**** Exercise data

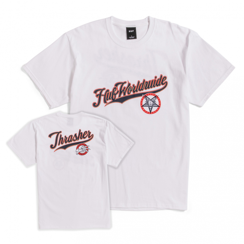 T-shirt à manches courtes et col rond de la marque HUF en collaboration avec le magazine Thrasher.
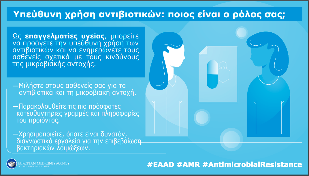 Οι επαγγελματίες Υγείας πρέπει να προάγουν την υπεύθυνη χρήση των αντιβιοτικών και να ενημερώνουν τους ασθενείς σχετικά με τους κινδύνους της μικροβιακής αντοχής.
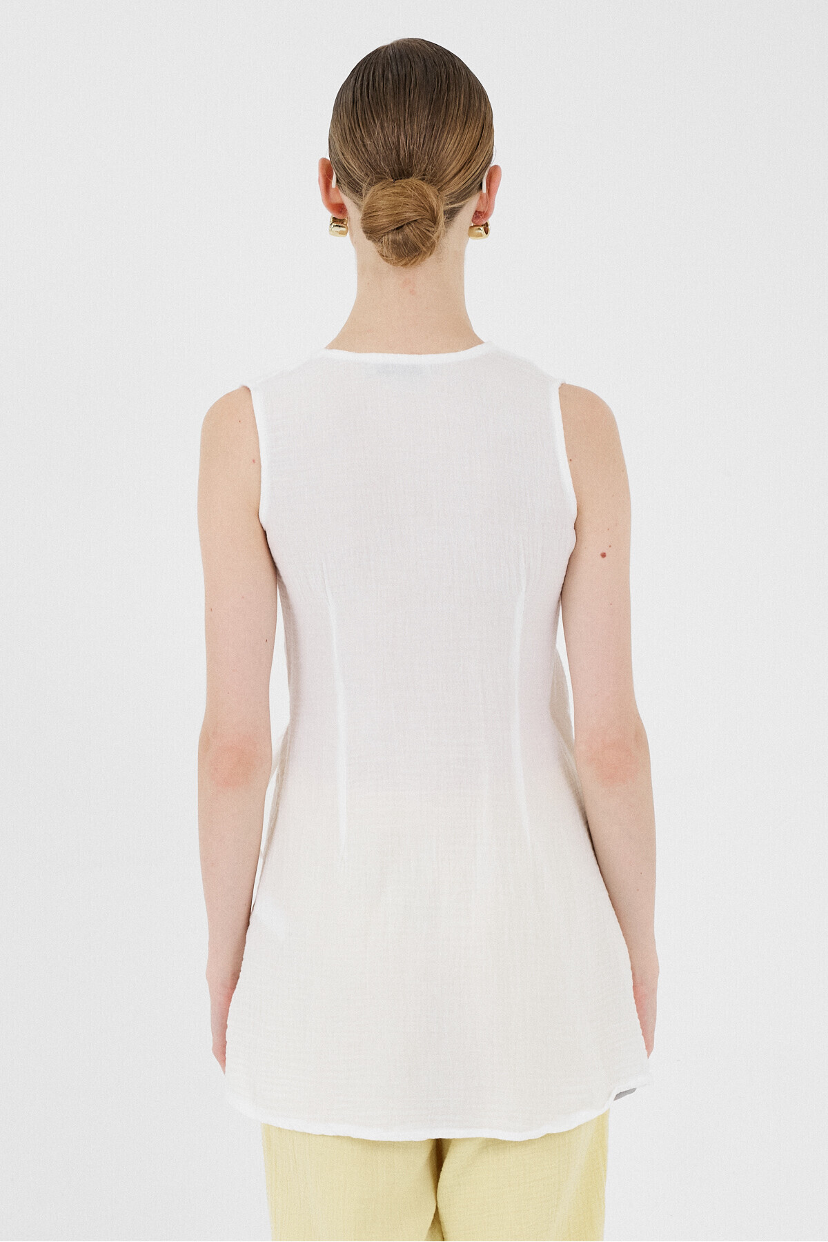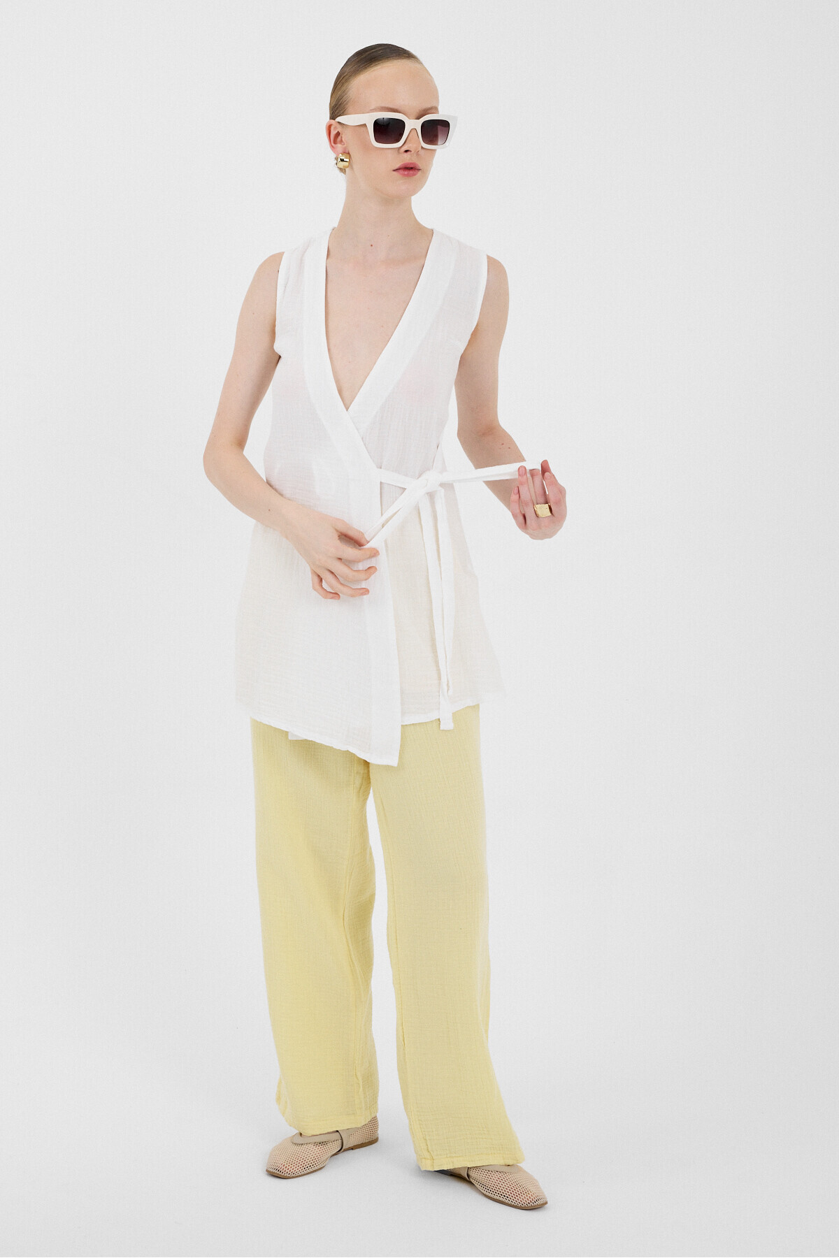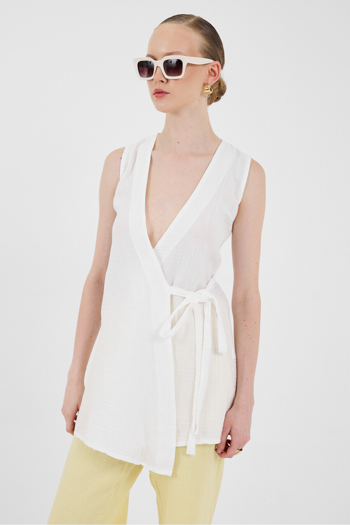 Beyaz %100 Pamuk Müslin Yandan Bağlamalı Kuşaklı Yelek 8017A Beyaz %100 Pamuk Müslin Yandan Bağlamalı Kuşaklı Yelek 8017A 25Y1123DIS063 42

********

> _Prompt_
When you write out the material again, keep every word exact and omit the pictures.

> _Written answer_
 T-shirt à manches courtes et col rond de la marque HUF en collaboration avec le magazine Thrasher.
 Οι επαγγελματίες Υγείας πρέπει να προάγουν την υπεύθυνη χρήση των αντιβιοτικών και να ενημερώνουν τους ασθενείς σχετικά με τους κινδύνους της μικροβιακής αντοχής.
 Beyaz %100 Pamuk Müslin Yandan Bağlamalı Kuşaklı Yelek 8017A Beyaz %100 Pamuk Müslin Yandan Bağlamalı Kuşaklı Yelek 8017A 25Y1123DIS063 42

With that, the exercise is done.